七 律
咏 杜 甫
张 玉 林
少陵野老鬓霜侵,
乱世歌吟泣血深。
朱门酒肉肠中腐,
路有冻死骨上尘。
三吏三别悲黎庶,
千首万章铸国魂。
茅屋曾为秋风破,
犹念寒士俱暖身。
2025年7月12日
诗圣杜甫
诗 圣 杜 甫 颂
(散文)
杜甫
秋风吹过洛阳城的残垣,总像有个瘦削的身影在徘徊。他长衫上的褶皱里,藏着长安的月光、夔州的猿啼,还有浣花溪畔沾着墨香的稻花——那是杜甫,一个用笔墨丈量山河的诗人,一个让千年后的我们,仍能透过诗句触摸到时代温度的灵魂。
初识杜甫时,总以为他的笔是蘸着血泪的。“朱门酒肉臭,路有冻死骨”,这十字如利刃,剖开了盛唐繁华下的脓疮。安史之乱的烽火里,他拖着病体逃难,在石壕村见官吏深夜捉人,写下“吏呼一何怒,妇啼一何苦”,那老妇“夜久语声绝,如闻泣幽咽”的悲戚,至今读来仍让人喉头发紧。他见过“国破山河在,城春草木深”的荒芜,也尝过“万里悲秋常作客,百年多病独登台”的孤寂,可他的笔从未只停留在个人的悲喜里。
杜甫朱门酒肉臭
成都草堂的那段日子,该是杜甫一生中难得的安宁。春夜听雨,他写下“随风潜入夜,润物细无声”,把春雨写成了最温柔的使者;夏夜纳凉,他看见“稻花香里说丰年,听取蛙声一片”,连田埂上的蛙鸣都染着丰收的喜悦。可这份安宁里,仍藏着对家国的牵挂。秋风卷走茅屋的茅草,他在风雨中疾呼“安得广厦千万间,大庇天下寒士俱欢颜”,那一刻,个人的困顿早已被对苍生的悲悯淹没。他就像一株老梅,哪怕自身被风雪压弯了枝桠,也要把最后一缕清香,送给寒风中瑟缩的人们。
杜甫安得广厦千万间
最让人心折的,是杜甫对家国的执着。流落夔州时,他已近暮年,半身瘫痪,却仍在登高望远时吟出“无边落木萧萧下,不尽长江滚滚来”,那萧萧落木里有他的衰老,滚滚长江里却藏着不灭的希望。听到官军收复河南河北的消息,他“漫卷诗书喜欲狂”,白日放歌纵酒,只想“青春作伴好还乡”——这份狂喜里,是一个游子对故土最深的眷恋,是一个诗人对家国太平最炽热的期盼。
杜甫不尽长江滚滚来
杜甫的诗里,有历史的重量。“三吏三别”是安史之乱的史诗,“忆昔开元全盛日,小邑犹藏万家室”是对盛唐的深情回望,“出师未捷身先死,长使英雄泪满襟”是对诸葛亮的叹惋,更是对时代英雄的呼唤。他不像李白那样“天子呼来不上船”,他的一生都在泥泞里跋涉,却始终抬着头,望着天上的月亮,望着远方的家国。
杜甫作品三吏三别
杜甫的诗里,藏着与妻子杨氏最朴素的爱。逃难路上,他写“老妻寄异县,十口隔风雪”,字里是对妻儿的牵念。秦州窑洞里,她煮着野菜听他读“露从今夜白”,轻声说“有你便不是异乡”。成都草堂,她采菊插花,他笑书“老妻画纸为棋局”,把她的身影织进诗行。

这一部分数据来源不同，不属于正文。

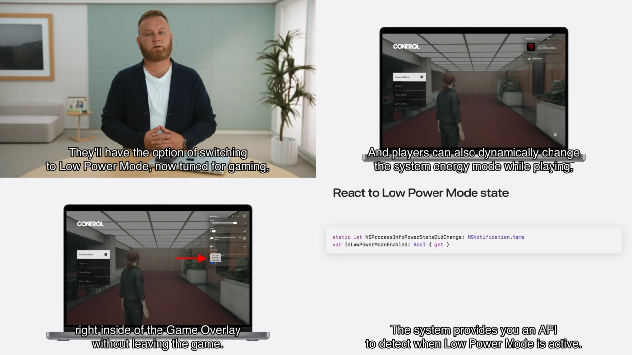 基調講演に続いて行われた「Platforms State of the Union」やセッション209「Level up your games」によると、Appleは次期macOS 26 Tahoeで、新たにゲームモード中の「低電力モード (Low Power Mode for Gaming)」がサポートされるそうです。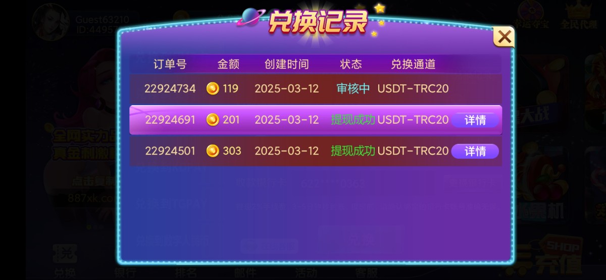 看到老哥帖子我就去看看自己的结果到了,白嫖600。下了300剩5快打出来了 数字人民币通道 台子名字叫做 星空娱乐棋牌台 地址 887xk.com

暮年漂泊,孤舟上两人对坐,他写下“夜阑更秉烛,相对如梦寐”。二十载风霜,从青丝到白发,烽火里的家书,茅屋里的灯火,都是他们的情话。没有浓词艳句,却让“朱门酒肉臭”的乱世,有了最暖的温度。
杜甫之妻杨氐
如今,当我们在课本里读到杜甫的诗,在草堂的竹林里寻觅他的足迹,总能感受到一种穿越千年的力量。那是“穷年忧黎元,叹息肠内热”的赤子之心,是“语不惊人死不休”的治学态度,更是在苦难中始终昂扬的生命韧性。他就像一面镜子,照见了一个时代的悲欢,也照见了中国人骨子里最深沉的家国情怀。
诗圣杜甫就是在你身边的普通老翁
风又起了,仿佛又听见那个声音在吟诵:“文章千古事,得失寸心知。”是啊,千百年过去了,多少繁华成了过眼云烟,可杜甫的诗,依然像一束光,照亮着我们前行的路。这,便是诗圣的力量——他用一生的颠沛,换来了千古的不朽;用满腔的赤诚,为我们留下了一个民族的精神坐标。